Meeting the Man Who Made Him the (Mistaken) Messiah
Economist Raj Patel, released from being considered a deity, met the man whose followers had first made the connection
By: Scott James
Raj Patel has met his maker, so to speak.
Patel, a San Francisco author and economist, woke up one day earlier this year to discover that he had unwillingly been declared the messiah by followers of the New Age group Share International, founded by Benjamin Creme, a London mystic. It was a revelation that made Patel the focus of unwanted attention by thousands of worshipers and thrust him into a surreal international news media frenzy.
Last week Creme visited the Bay Area, and the two men met for the first time, over cookies in a private home in Berkeley, a possible finale in the timely tale of a mortal mistaken for a god.
After the meeting, both men have decided to call the events of the past several months “a case of mistaken identity.” They seemed impressed with each other, with Creme saying he found Patel quite intelligent and charming.
Patel had a different impression of Creme: “Bonkers.”
In January, devotees of Creme’s decades-old prophesies concluded — based on a series of clues and unverified information on the Internet — that Patel was the earthly manifestation of Maitreya, The World Teacher.
Creme, who said he received telepathic messages from the immortal Maitreya to share with followers, did not endorse the claim. But he did not forcefully deny it either. The story first appeared in this column, then London tabloids devoured the tale mercilessly, and Stephen Colbert, the comedian, devoted an entire segment of his “Colbert Report” on Comedy Central to ridiculing the deification.
Although Creme has finally released Patel from his divine burden, it doesn’t mean that he has given up on the idea of a messiah for these troubling times. In fact, his meeting with Patel was just part of an extended visit to the Bay Area to recruit new believers.
A crowd of more than 600 gathered at San Francisco’s Palace of Fine Arts on a recent Sunday afternoon to hear Creme. Looking his 87 years, he was gently assisted to center stage and then sat stoically as an audio recording played his voice, in a slow Boris Karloff cadence, purportedly channeling the words of Maitreya. “My plan is to show you that the way out of your problems is to listen again to the true voice of god within your hearts, to share,” he said.
When the recording ended, Creme spoke about the various crises in the world, including the growing imbalance between rich and poor that he ascribed to “an outmoded way of living” — a message that seemed to resonate with the mostly white crowd, some of whom had arrived in Mercedeses and BMWs.

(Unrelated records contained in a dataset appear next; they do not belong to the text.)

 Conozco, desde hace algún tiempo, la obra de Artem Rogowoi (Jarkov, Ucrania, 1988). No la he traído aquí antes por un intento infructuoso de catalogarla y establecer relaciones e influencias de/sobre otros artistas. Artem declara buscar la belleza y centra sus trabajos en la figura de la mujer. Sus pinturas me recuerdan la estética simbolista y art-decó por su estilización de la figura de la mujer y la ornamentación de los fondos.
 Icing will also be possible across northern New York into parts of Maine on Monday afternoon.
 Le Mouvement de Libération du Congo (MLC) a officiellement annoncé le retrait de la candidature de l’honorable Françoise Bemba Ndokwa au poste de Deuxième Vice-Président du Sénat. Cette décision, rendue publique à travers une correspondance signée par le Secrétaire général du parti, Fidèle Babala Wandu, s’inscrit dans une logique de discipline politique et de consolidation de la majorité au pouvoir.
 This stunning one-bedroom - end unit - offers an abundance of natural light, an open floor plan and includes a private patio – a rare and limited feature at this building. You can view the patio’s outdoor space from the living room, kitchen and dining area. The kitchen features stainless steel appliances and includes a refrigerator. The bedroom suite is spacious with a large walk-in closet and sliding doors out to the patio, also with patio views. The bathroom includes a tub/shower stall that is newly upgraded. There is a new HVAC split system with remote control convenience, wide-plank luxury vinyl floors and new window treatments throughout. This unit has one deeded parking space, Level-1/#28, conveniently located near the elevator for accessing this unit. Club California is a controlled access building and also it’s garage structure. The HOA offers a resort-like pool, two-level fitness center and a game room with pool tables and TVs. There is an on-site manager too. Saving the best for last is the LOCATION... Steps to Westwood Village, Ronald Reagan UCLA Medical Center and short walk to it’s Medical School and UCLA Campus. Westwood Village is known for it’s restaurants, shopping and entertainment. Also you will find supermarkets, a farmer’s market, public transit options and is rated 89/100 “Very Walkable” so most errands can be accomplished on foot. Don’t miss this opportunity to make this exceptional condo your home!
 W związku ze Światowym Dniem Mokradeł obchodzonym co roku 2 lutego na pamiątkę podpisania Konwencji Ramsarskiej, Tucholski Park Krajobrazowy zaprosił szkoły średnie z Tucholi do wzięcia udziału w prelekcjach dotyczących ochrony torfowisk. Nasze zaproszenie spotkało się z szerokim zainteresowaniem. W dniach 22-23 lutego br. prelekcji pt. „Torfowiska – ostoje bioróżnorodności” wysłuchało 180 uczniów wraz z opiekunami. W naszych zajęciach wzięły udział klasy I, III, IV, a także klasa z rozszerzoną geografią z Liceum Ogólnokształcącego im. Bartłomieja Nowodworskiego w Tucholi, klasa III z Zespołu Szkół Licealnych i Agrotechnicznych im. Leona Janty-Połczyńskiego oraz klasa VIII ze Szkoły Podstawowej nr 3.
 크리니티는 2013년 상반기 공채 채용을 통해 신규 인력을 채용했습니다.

Creme went on to explain that invisible “brothers” from other inhabited planets in our solar system had been on Earth to help mankind escape its problems and usher in a new age.

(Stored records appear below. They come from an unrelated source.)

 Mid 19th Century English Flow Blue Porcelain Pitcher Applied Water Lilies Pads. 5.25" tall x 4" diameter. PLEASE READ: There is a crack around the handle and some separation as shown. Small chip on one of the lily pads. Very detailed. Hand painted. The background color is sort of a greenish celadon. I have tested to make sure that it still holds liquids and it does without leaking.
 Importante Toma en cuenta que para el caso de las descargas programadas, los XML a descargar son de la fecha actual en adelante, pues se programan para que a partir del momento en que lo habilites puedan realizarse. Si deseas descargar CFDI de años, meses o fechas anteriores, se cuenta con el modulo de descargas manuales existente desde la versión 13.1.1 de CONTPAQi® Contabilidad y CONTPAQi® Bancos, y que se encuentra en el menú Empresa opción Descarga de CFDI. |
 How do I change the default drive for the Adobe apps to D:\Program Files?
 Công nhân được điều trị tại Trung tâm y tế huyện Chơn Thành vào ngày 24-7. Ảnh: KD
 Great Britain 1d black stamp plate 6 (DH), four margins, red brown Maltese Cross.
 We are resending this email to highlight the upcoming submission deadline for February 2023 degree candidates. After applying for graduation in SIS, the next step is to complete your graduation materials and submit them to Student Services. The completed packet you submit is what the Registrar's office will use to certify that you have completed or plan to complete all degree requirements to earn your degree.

J. Gordon Melton, a religious scholar who has studied Share International and Creme since the 1970s, described the group as “small and harmless.”
The group’s messianic message — that a compassionate savior will come and teach the world better ways — “in hard economic times and war has an appeal,” Melton said. But, he added, non-Christian messiahs tend to face fierce opposition in the United States.
That became clear at Creme’s appearance when a man in the audience disrupted the event by pointing and shouting, “Don’t believe these lies! This man is the devil!”
Creme said later that he had faced such acrimony in the past, although it was rare. He said he had brought his message to San Francisco more than 30 times and generally felt welcomed.
During his Bay Area visit, Creme was asked about the news of the day, a federal court ruling in favor of same-sex marriage in California. Was this a sign of the compassionate new age?
Creme explained that while he personally supported same-sex nuptials, Maitreya did not approve of gay and lesbian couples’ raising children — the new age promoted by Share International should not include same-sex parents.
In addition to the private meeting in Berkeley, Patel attended the Sunday lecture for three hours, and concluded that Creme was “a sweet, pleasant old man” who ultimately “was like the Red Queen in Alice in Wonderland who said she could believe in six impossible things before breakfast.”
But Patel was inspired in one sense. As the author of best-selling books about big ideas — the first two were about food and economics — he is now considering writing about the whole notion of saviors.
He will certainly have a unique perspective.
This article also appears in the Bay Area edition of The New York Times.